The Blogalicious conference this weekend in Atlanta was mind-blowingly great. Over 250 bloggers, primarily women of color, " black, white, Latina, Caribbean, Asian-Pacific, and Native-American bloggers, among other nationalities", gathered for the weekend to talk, make connections, support each other in our writing and careers, and celebrate each others' fabulous blogging. The knowledge shared during Blogalicious was phenomenal.
Personally, it was a highlight of the conference to meet some of the more technical women, like Adria Richards who blogs about business and tech, and software like Wordpress, Joomla, and Drupal. Adria and I had some excited conversations about teaching people more about WordPress and other platforms commonly used, basically, about empowering women through giving them more capability to control everything about their blogs. Or, even just knowing enough so that they don't get overcharged for blog setup, design, hosting, and maintenance. My geeky heart also thrilled to Corvida Raven's technical skills. She really came across for me in the panel "Taking Your Blog to the Next Level". But not only that, she shone out as the sort of person whose enthusiasm catches everyone on fire. I think that everyone in the room for that panel walked out infused with extra confidence about taking control of their own technology. It is rare to hear a speaker who can talk about computer software and nifty new tools with clarity and in a way that makes people feel they can tackle the complications, instead of leaving everyone mystified and insecure and convinced they have to ask for help. And also representing in the especially-geeky area, Rosemary from The Sexy Geek Files and Leticia from Tech Savvy Mama!

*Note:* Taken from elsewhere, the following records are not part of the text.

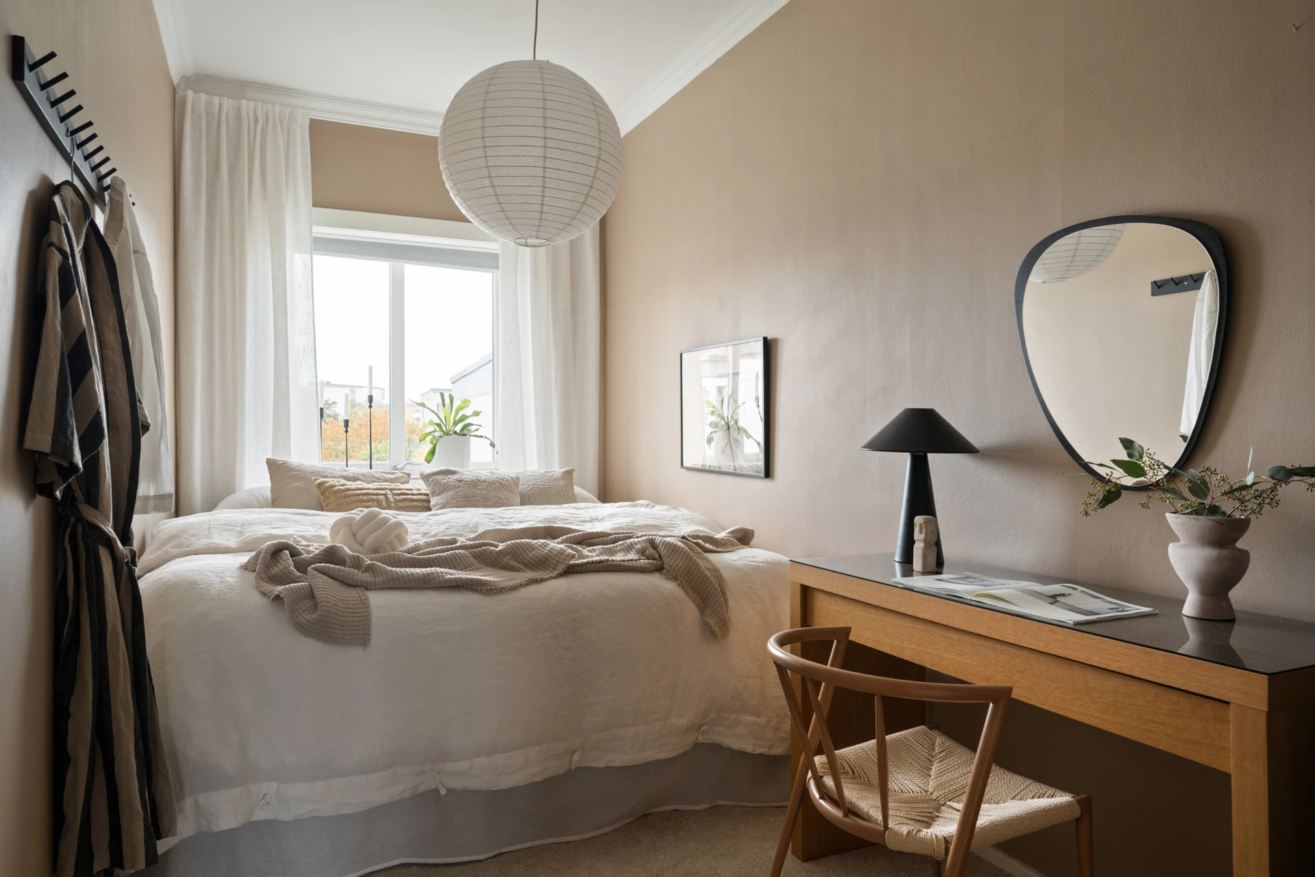 Parkettgolv och målade väggar i en brun nyans. Här finns plats för säng samt ett skrivbord.
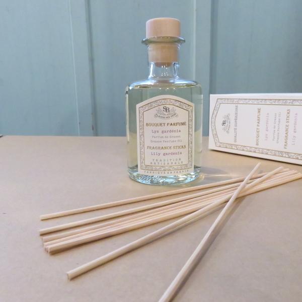 フレグランスブーケはヨーロッパで幅広く愛用されている室内用芳香剤です。お洒落な小瓶にスティックを差し込めば、染み込んだグラース産の上品な香りがやさしく広がります。玄関やお部屋に置けばインテリアとしても素敵です。専用リフィルとステックを交換すれば、ずっと香りを楽しんでいただけます。放散期間は約2ヶ月。
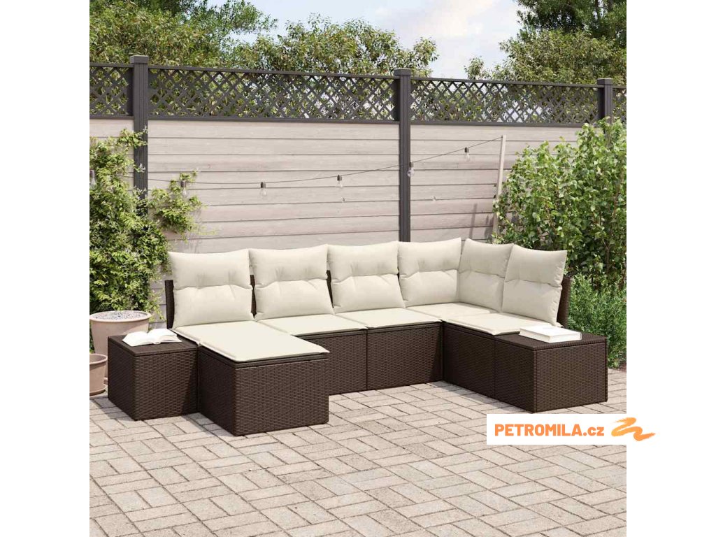 Sada zahradních pohovek s polštářem 7 pcs Hnědá Poly ratan
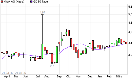 Mit dem Rücksetzer auf 3,28 EUR hat die HWA-Aktie am 20.03.2026 die 50-Tage-Linie nach unten gekreuzt.
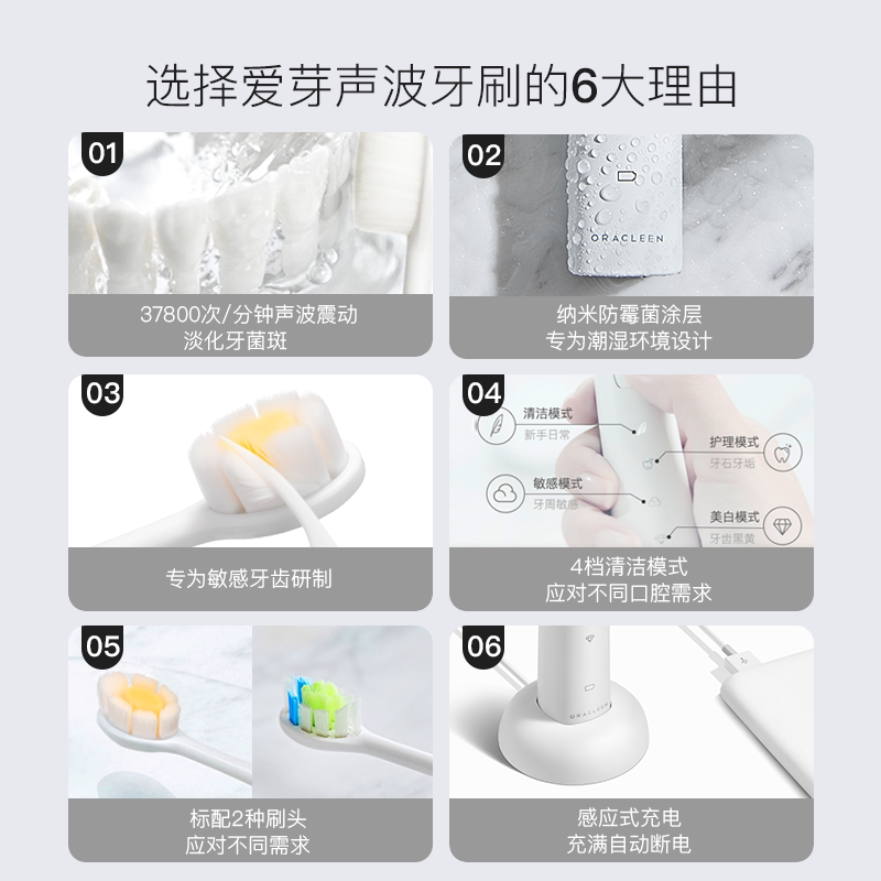 OraCleen love Bud small white soft hair electric toothbrush adult household men and women ultrasonic brush head Children's toothbrush
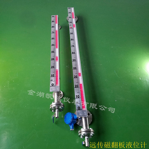 在磁翻板液位計管體的另一側可按用戶需要加裝電遠傳變送器,將液位高度轉換成標準電流信號輸出,以供液位信號輸出,以供液位信號遠傳至二次儀表進行指示控制與檢測。
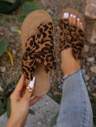 女士蝴蝶结装饰平底拖鞋,绒面圆头渔夫风格豹纹沙滩凉鞋,平底休闲夏季人字拖

Thank you Adria and Corvida, Rosemary and Leticia, for geeking out! May there be much more of it!
The best thing, though, was listening to all the women there connect with each other and getting into interesting and productive conversations. There was so much spontaneous sharing of knowledge and a lot of positivity. The general atmosphere was like this: Here's what I'm trying to do, and here's where I've gotten, how about you? What do you want to do? Can I help you get there? From what I saw and heard, the women at Blogalicious were taking away validation, inspiration, and an implicit promise of future networking support from their fellow bloggers.

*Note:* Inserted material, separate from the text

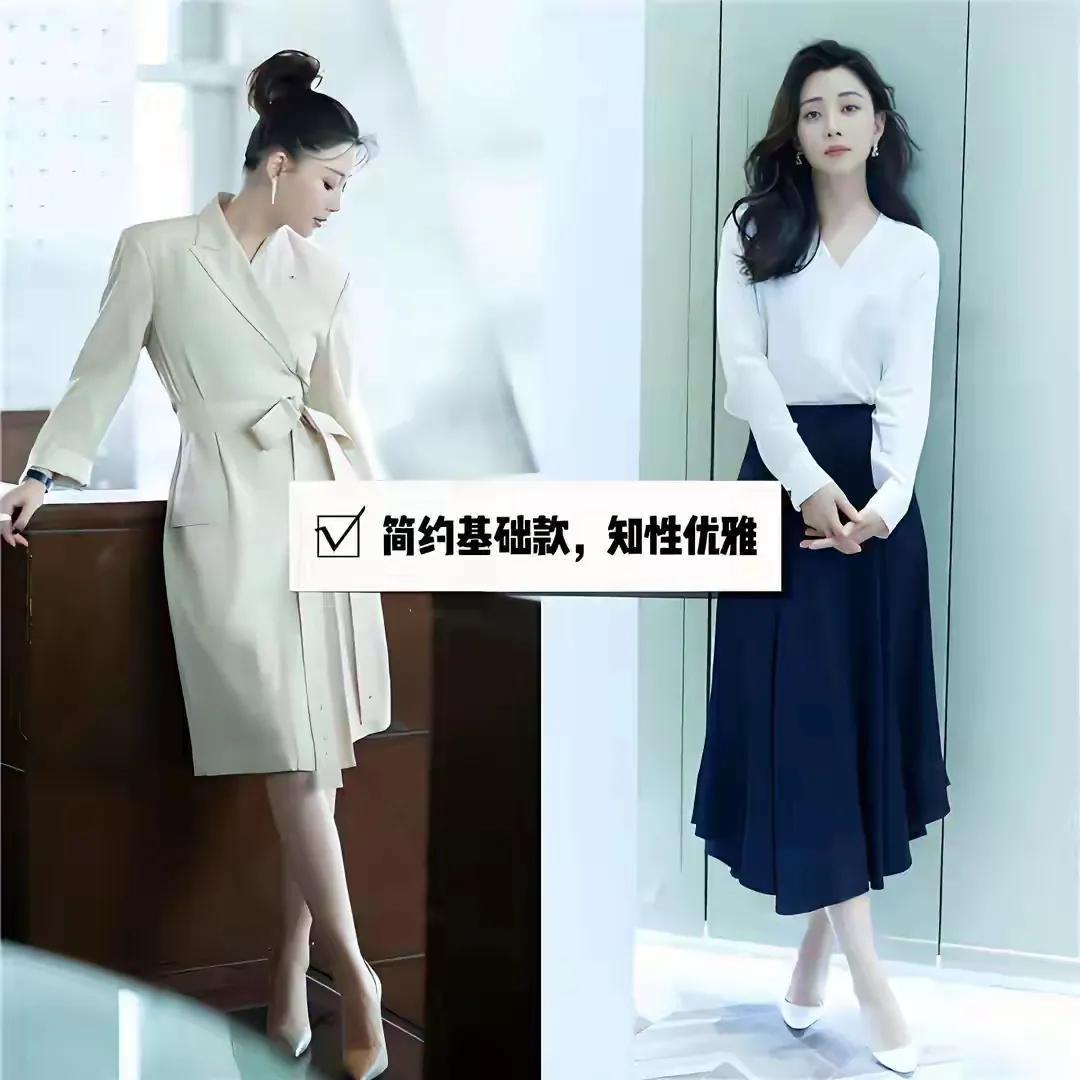 我们选择衣服的时候,应该像下面这位女明星“殷桃”一样,直接选择一件简约基础款的西服裙装,或者是白色V领衬衫搭配藏蓝色半身裙,脚上穿了一双浅口单鞋,这样的穿衣打扮知性优雅,女神范十足。

The Broke Socialite says it best and I'd like to highlight and amplify some of her words:
This conference literally took my breath away. I've never been involved in a gathering that was charged with so much intellegensia and emotion. Most everyone was passionate about whatever it was that they brought to the table...be it "I want to start a blog; so I'm here to absorb every piece of information possible" to "I'm a veteran blogger...how can I help someone else build her brand?" What I loved most was the authenticity of the attendees and the organizers (these girls are the best, y'all...I just met them last Thursday and their passion, smarts and sincerity bring tears to my eyes right now)...everyone was so open. It makes my heart sing.
Read her whole post; it sums up the core of the conference! Like The Broke Socialite, I came out of the conference refreshed and inspired. Heartened and with the feeling of having some of my mojo back, ready to fight a thousand battles, knowing that my life has a point to it and all our work is valuable; last but not least, feeling like somebody's got my back. There was so much love and sincerity at this conference as well as hard core expertise, knowledge, and let's not forget the great swag and parties - fun and profit, an important part of life!

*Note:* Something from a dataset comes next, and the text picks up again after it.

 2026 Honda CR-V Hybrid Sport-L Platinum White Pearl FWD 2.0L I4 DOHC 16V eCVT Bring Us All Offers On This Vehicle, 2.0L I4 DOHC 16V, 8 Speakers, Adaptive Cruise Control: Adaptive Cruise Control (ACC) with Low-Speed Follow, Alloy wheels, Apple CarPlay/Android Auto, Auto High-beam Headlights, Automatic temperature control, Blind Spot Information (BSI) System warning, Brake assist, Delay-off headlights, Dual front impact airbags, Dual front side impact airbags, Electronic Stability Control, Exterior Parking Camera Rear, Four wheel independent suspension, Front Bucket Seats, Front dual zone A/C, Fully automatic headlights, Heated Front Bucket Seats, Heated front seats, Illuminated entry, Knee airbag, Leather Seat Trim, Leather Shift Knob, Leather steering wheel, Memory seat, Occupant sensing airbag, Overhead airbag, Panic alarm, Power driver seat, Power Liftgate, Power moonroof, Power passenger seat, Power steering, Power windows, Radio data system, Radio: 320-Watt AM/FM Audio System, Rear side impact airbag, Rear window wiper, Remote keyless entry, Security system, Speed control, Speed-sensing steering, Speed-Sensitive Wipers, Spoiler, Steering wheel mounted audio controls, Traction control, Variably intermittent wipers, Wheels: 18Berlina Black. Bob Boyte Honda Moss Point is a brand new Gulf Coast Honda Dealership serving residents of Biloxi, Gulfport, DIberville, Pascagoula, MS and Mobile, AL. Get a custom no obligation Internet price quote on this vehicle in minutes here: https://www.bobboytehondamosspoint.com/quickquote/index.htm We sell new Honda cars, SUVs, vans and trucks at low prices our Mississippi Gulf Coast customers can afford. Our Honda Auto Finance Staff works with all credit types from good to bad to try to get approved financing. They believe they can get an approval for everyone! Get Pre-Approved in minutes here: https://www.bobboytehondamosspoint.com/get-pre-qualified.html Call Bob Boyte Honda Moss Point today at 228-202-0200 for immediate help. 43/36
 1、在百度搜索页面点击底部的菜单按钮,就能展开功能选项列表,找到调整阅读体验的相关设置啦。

The panels I went to were excellent. Audience participation was very high, with tons of questions, commentary, and a very open and welcoming attitude. I especially enjoyed the plenary session on Social Media and the Woman of Color, with Gennipher Weeks, Gwen Peake, and Jessica Carter demonstrating in-depth knowledge of the current web 2.0 landscape.
The keynote speeches I saw had everyone's attention. The first was by Karen Walrond of Chookooloonks (and BlogHer), on the principles all bloggers should keep in mind. Her beautiful photography illustrated each simple point on her slides as she spoke eloquently about blogging your passion and being creative. Denene Millner, author of many books and blogger on MyBrownBaby, read an amazing and beautiful story about her journey of her career through political journalism and writing books, then her relationship with her mother Betty Millner, how it changed when she had her own babies, and her love, respect and grief for both her parents. As she broke right down and cried while describing her formerly strict mom's coddling of her grandbabies I felt very moved at how complicated and deep people's relationships with each other can be. The parties were great too.
These women with their computers,
We had some great parties! I seriously hope no one videoed my attempt at wheelchair dancing because at some point I had some cocktails and did a wheelie or two to Push It and a pretty good cumbia.
The three founders of Blogalicious, from MamaLaw Media Group, are often called "The Justices" from their blog names Justice Fergie, Justice Jonesie, and Justice Ny. They radiated warmth, capability, and deep connectedness with their community in many dimensions. It was awesome how they worked together. I especially loved the moment where City Councilman Ceasar C. Mitchell presented an official proclamation of welcome to Blogalicious at the opening plenary session. During his reading of the proclamation he said in his listing of their impressive credentials as lawyers, writers, and entrepreneurs that the Justices were invited to write on thebump.com. He looked up and said, "What… what is the bump dot com?" There was some explaining and gestures demonstrating a belly bump and the councilman did a double take. "Really!?! The…Really!?" The room burst into appreciative laughter at the sight of the Councilman trying to wrap his mind around this way of framing motherhood with authority and importance. But that was sweet to have the City of Atlanta recognize the conference! It was also beautiful to see the Justices in the moments where their supportive husbands brought in their kids. Their moms, sisters, aunts, and cousins also contributed to the conference by volunteering and doing much of the event organization.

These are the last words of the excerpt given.